Fun Bugs I've Fixed #3: It's a Wrap!

There was once an old system that did things. It did those things well for five years; but then one day, it stopped doing some of the things.

You see this system was in charge of doing a whole lot of things, so it forked 10 copies of itself, so that each copy could take care of a smaller portion. The system kept track of each forked child by tracking its PID. If it detected that a child was misbehaving, it forked new one, made sure that the old one was dead so that nothing was accidentally done twice, and everyone would carry along merrily.

There was also an ingenious way the system divided the labor. It assigned each of the children a number. Child #0 would do the tasks that ended in a 0, child #1 would take care of all the 1’s, and so-forth.

So on one fateful day, thing number 73, and 83, and 93 didn’t get processed, we knew exactly that one one of the children was misbehaving. When we looked at the running processes, and child #3 didn’t exist! How can that be? The forking logic was so simple.

At this point, I’ll give the reader an opportunity to solve this mystery. There should be enough evidence above to diagnose the issue.

So we must first look at how the operating system allocated PIDs. On Linuxes, PIDs are assigned incrementally; starting with 1 for the first process that is started after boot.

Now there is only a finite amount of resources on a machine, so the PID doesn’t grow unbounded. When it’s allocated PIDs up to a certain maximum number, Linux will wrap around and try to start from 1 again, but only giving new processes a PID that isn’t currently being used. By default, Linux will set the maximum PID to be 2^15 = 32768. You can check this value with cat /proc/sys/kernel/pid_max.
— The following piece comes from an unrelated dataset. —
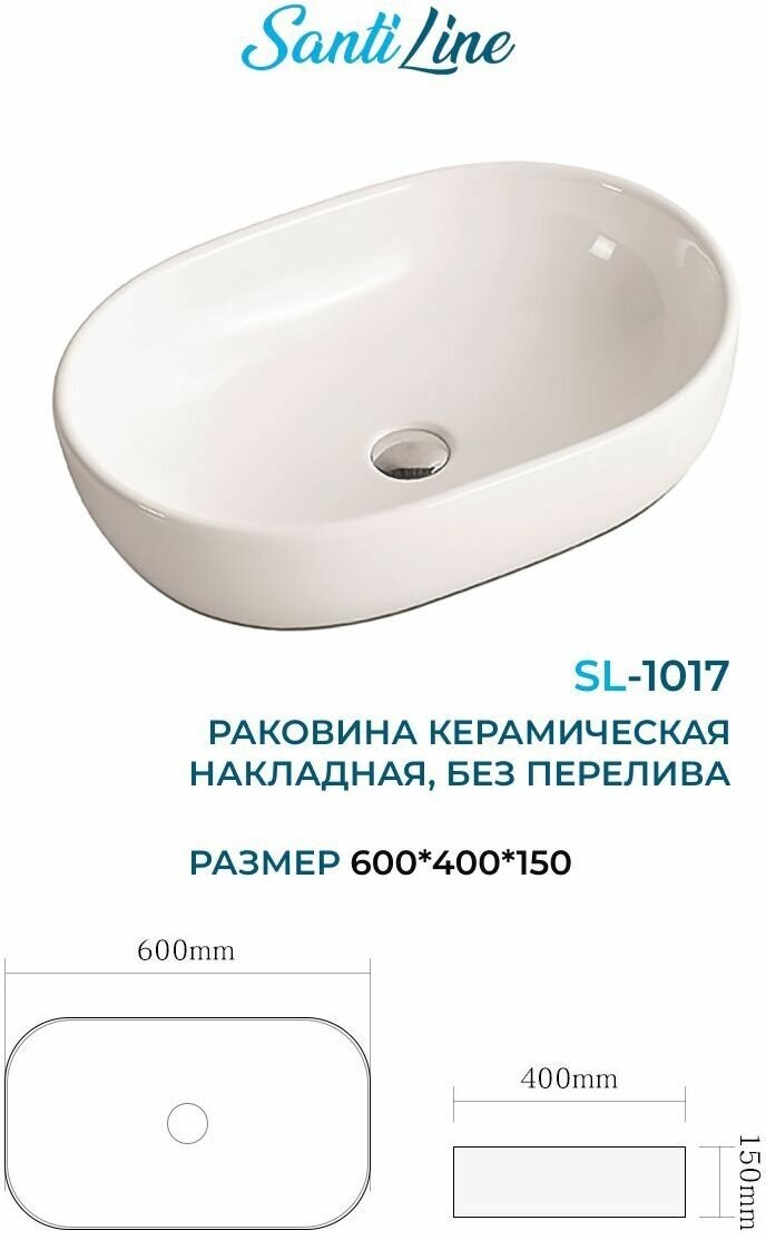 Раковина SantiLine SL-1017 выполнена в универсальном дизайне и дополнит современные интерьеры ванных комнат в различных цветовых гаммах.

Back to issue at hand, child #3 had died at some point; but between the time that it spawned and died, the OS had allocated every single PID up to the maximum, and had wrapped all the way back around. So when it came time to allocate a new PID, it happened to be the exact same PID as the old child!

The logic in that system first forked a new copy of the child, but when it went to make sure that the old child was dead, it looked for the same PID and accidentally killed the new child instead.

Thus, the fix was easy: kill the old child first, then spawn a new one.

Written on Jul 31, 2016 about Linux and Bugs.